Data loss and writing data slowly and frequent timeout after auto failover


#1

Used SDK:2.1.2,2.1.3

When I write 1000 data items into the couchbase server,
I deliberately remove a node with “service couchbase-server stop” .
After successful autofailover, I meet a problem with data loss.
And meaningfully I find the writing speed slows down, and even time-ou Exception occurs frequently.


The problem of bulk get
#2

Can you share the code you are using? You need to properly react to the return values from the client.


#3

System.out.println("===>start");

                   client.async().insert(doc, ReplicateTo.ONE)
                  
                   .single()

                   /*.retryWhen(new Func1<Observable<? extends Throwable>, ? extends Observable<?>>(){

                    public  Observable<?> call(Observable<? extends Throwable> t1){
                        
                        t1.zipWith(Observable.range(1, 3), new Func2<Throwable, Integer, Throwable>(){
                            @Override
                            public Throwable call(Throwable t1, Integer t2) {
                                
                                return null;
                            }
                        })
                         .flatMap(new Func1<Throwable, Observable<JsonDocument>>(){
                            @Override
                            public Observable<JsonDocument> call(Throwable t1) {
                                   
                                //if(t1.getClass())
                                return client.async().insert(doc, ReplicateTo.ONE);
                            }
                         });
                         
                         return Observable.timer(3, TimeUnit.SECONDS);
                    
                    }
                   })*/
                   
                   .subscribe(new Subscriber<JsonDocument>() {
                       
                    @Override
                    public void onCompleted() {
                          cdl.countDown();
                    }
                    
                    @Override
                    public void onError(Throwable e) {
                          //returnException.set(e);
                          errNum.set(1);
                          cdl.countDown();
                          
                          System.out.println("onerror===出现异常!" + e.getMessage());
                    }
                    
                    @Override
                    public void onNext(JsonDocument t) {
                           if(t.cas()>0){
                               System.out.println("成功插入");
                           }
                           returnValue.set(t);
                           //completeVal.set(1);
                           //cdl.countDown();
                    }
                   });
                   
                 
                   
                 try{
                        
                        //cdl.await();
                       if(!cdl.await(5000, TimeUnit.MILLISECONDS)){
                              System.out.println("超时; "+errNum.get()+";"+returnValue.get());
                       }else{
                              System.out.println("正常"+errNum.get()+";"+returnValue.get());
                        
                       }
                    }catch (InterruptedException e) {
                        Thread.currentThread().interrupt();
                        //throw new RuntimeException("Interrupted while waiting for subscription to complete.", e);
                    }
                    System.out.println("===>end");

#4

hello, thank you for your reply.


#5

Hi @xiger,

I would recommend you the following in the first place:

  • From 2.1.2 going forward, use our retry builder - you can use something like:

    .retryWhen(anyOf(Exception.class).max(4).delay(Delay.exponential(TimeUnit.SECONDS))));

  • Do not use latches, use .toBlocking to convert your observable into a Blocking one and then call .single(), .forEach() and so forth on it

  • Make sure that when you retry your observable is cold, either by using Observable.from(doc) and then flatmap the insert or use Observable.defer() and wrap the insert call with it.


#6

Hi,daschl

Why did the writing speed slow down after auto failover, with 500 items in nearly an hour?


#7

I use sdk 2.1.3
And you recommand that not to use .toBlocking in retry builder in product.


#8

I don’t know your actual numbers, but keep in mind that when you failover you have one node less in the cluster to handle your requests, but it should be able to withstand it more or less closely.
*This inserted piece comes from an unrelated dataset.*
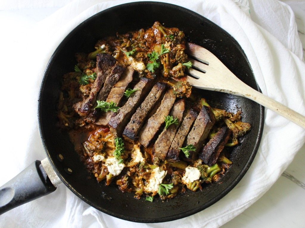 Keto Goat Cheese, Broccoli, and Steak Skillet

Can you share some actual numbers that you are seeing?

toBlocking() should not be used with the retry builder since it’s async at this point, but downstream the observable you can block, finally if you want to.


#9

now i need bring millions of data into cb ,and imagine that I meet with node failure, the speed is so intolerable.
How can i do?


#10

So you are performing a bulk import? Or is it part of a OLTP appplication - this changes the retry semantics quite a bit because you mostly can accept longer delays on latency and go for max throughput (in the bulk case).


#11

no,

I need the data to complete the verifying process of data within the files uploaded in the web app.


#12

And the data in couchbase server is updated frequentely.


#13

@xiger are you able to share the full code to reproduce with some logs and more? So we can have an accurrate reproduction case here and help you moving forward.


#14

The situation is that :smile:

we havenot use the couchbase server in the web app.

we used the memcahed server to store the data to support the speed of the process of parsing and verfying of the file uploaded, and now as of memcahed’s bad avaliablity, we use couchbase server to replace the memcached.
because data changes in time, we also do the data syn.
And out storage environment: sqlserver and memcached.–subsequently---->sqlserver and couchbase server


#15

I find .toBlock same as latch.await() above.


#16

@xiger the toBlock is more efficient in a way that you can do much more with it. the latch works fine for a single result, but it gets more tricky if you are iterating over the results in a blocking fashion. Also, it’s idiomatic RxJava code. You don’t need to stick to it but it’s recommended.


#17

ob,I see ,Thank you .


#18

I want to ask a question:

when I deal with the node failure excpetion in coding, and while using .toBlock() to retrive the data without timeout,i cannot utilize the retry builder, but how can i catch the excpetion to retry the CRUD operation.


#19

hi,

.retryWhen(anyOf(Exception.class).max(4).delay(Delay.exponential(TimeUnit.SECONDS))));

this i cannot find the api, where is it .


#20

You need to use at least 2.1.2 to have it available.